Clindamycine mag niet worden gebruikt in het geval van acute infecties aan de luchtwegen indien deze door virussen worden veroorzaakt.
Clindamycine is niet geschikt voor de behandeling van meningitis, want de antibioticumconcentratie die in de liquor cerebrospinalis wordt bereikt, is te laag.
Instructies voor gebruik en hantering
Verdunning en infusie:
Clindamycine moet voorafgaand aan i.v. toediening worden verdund (mag niet 12 mg clindamycine per ml overschrijden) en dient over een periode van ten minste 10-40 minuten te worden geïnfundeerd (mag niet 30 mg/min overschrijden). Het mag absoluut nooit als een i.v. bolus worden geïnjecteerd.
Dosis | Verdunningsmiddel | Minimal infusietijd |
300 mg | 50 ml | 10 minuten |
600 mg | 50 ml | 20 minuten |
900 mg | 100 ml | 30 minuten |
1200 mg | 100 ml | 40 minuten |
Clindamycine kan worden verdund met 0,9% natriumchlorideoplossing, 5% glucoseoplossing of ringerlactaat. Intramusculaire toediening wordt geïndiceerd wanneer intraveneuze infusie om welke reden ook niet mogelijk is.
Dosering bij leverziekten
Bij patiënten die een matige tot ernstige leverziekte hebben, is de halfwaardetijd van clindamycine verlengd. Als clindamycine elke 8 uur wordt toegediend, is een verlaging van de dosering over het algemeen niet nodig. De plasmaconcentratie van clindamycine dient echter wel gemonitord te worden
bij patiënten met ernstige leverinsufficiëntie.

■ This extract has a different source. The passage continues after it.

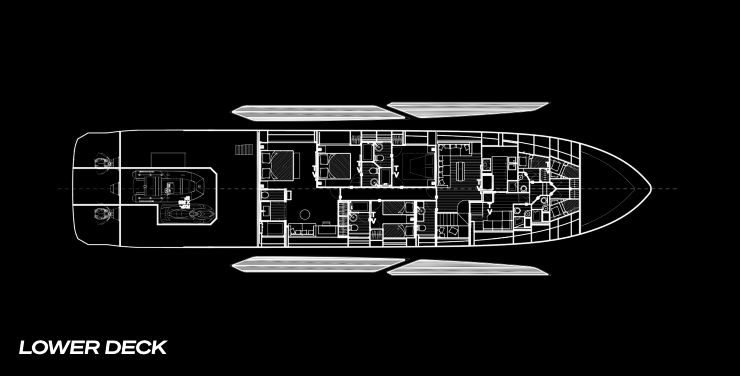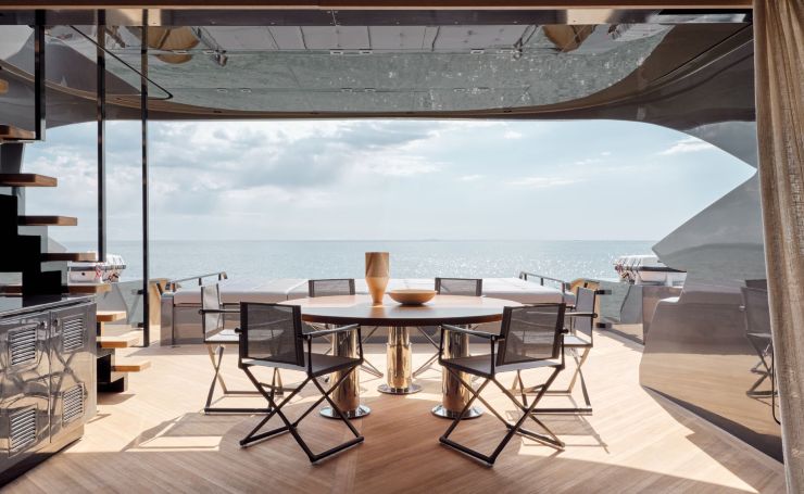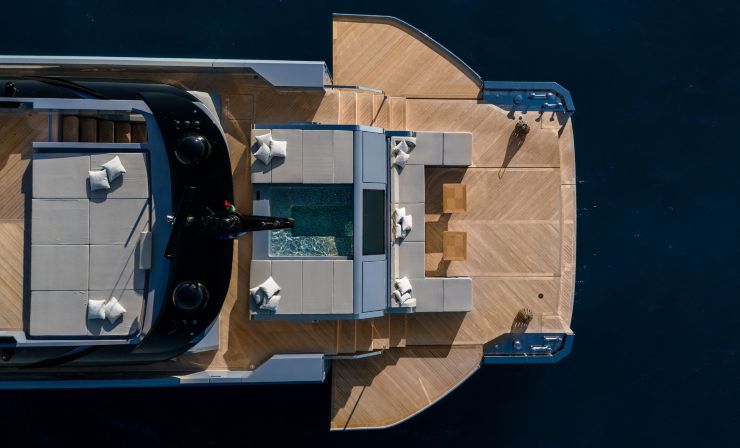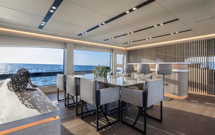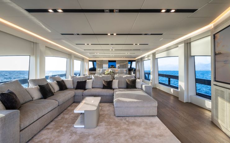 Il salone principale integra zone lounge, dining e media con passaggi liberi, mentre la veranda di poppa crea continuità con l’esterno. La cucina, dimensionata per servizio privato e charter, adotta elettrodomestici di livello professionale e percorsi separati per il personale. Le cabine sono insonorizzate e dotate di impianti di trattamento aria indipendenti, così da mantenere comfort microclimatico senza correnti o sbalzi termici.

Afhankelijk van de resultaten kan de meting een verlaging van de dosering of een vergroting van de dosisintervallen noodzakelijk maken.
Dosering bij nierziekten
Bij nierziekten is de halfwaardetijd verlengd; in het geval van milde tot matige beperking van de nierfunctie is een verlaging van de dosering echter niet noodzakelijk. Niettemin dient de plasmaconcentratie gemonitord te worden bij patiënten met ernstige nierinsufficiëntie of anurie. Afhankelijk van de resultaten kan de meting een verlaging van de dosering of een vergroting van het dosisinterval van 8 of zelfs 12 uur noodzakelijk maken.
Verenigbaarheid en stabiliteit:
Clindamycine mag niet gecombineerd worden met erytromycine, aangezien er met betrekking tot de antibacteriële werking in vitro een antagonistisch effect is waargenomen.
Er is kruisresistentie tussen clindamycine en lincomycine.
Door de neuromusculaireovergangblokkerende eigenschappen ervan kan clindamycine het effect van spierverslappers potentiëren.
De betrouwbaarheid van het anticonceptionele effect van orale anticonceptiva die tegelijkertijd met clindamycine worden toegepast, wordt betwijfeld. Daarom dienen tijdens clindamycinetherapie daarbij andere, niet-hormonale, anticonceptionele maatregelen te worden genomen.
De volgende geneesmiddelen zijn fysisch onverenigbaar met clindamycine: ampicilline, fenytoïne- natrium, barbituraten, aminofylline, calciumgluconaat, ciprofloxacine, magnesiumsulfaat, ceftriaxon- natrium, difenylhydantoïne, idarubicine-hydrochloride. Oplossingen van clindamycinezouten hebben een lage pH en met alkalische preparaten of met geneesmiddelen die instabiel zijn bij lage pH, kan redelijkerwijs onverenigbaarheid worden verwacht.
Na verdunning:
Chemische en fysische gebruiksstabiliteit met 0,9% natriumchlorideoplossing, 5% glucoseoplossing of ringerlactaatoplossingen is aangetoond gedurende 48 uur bij 25 ºC.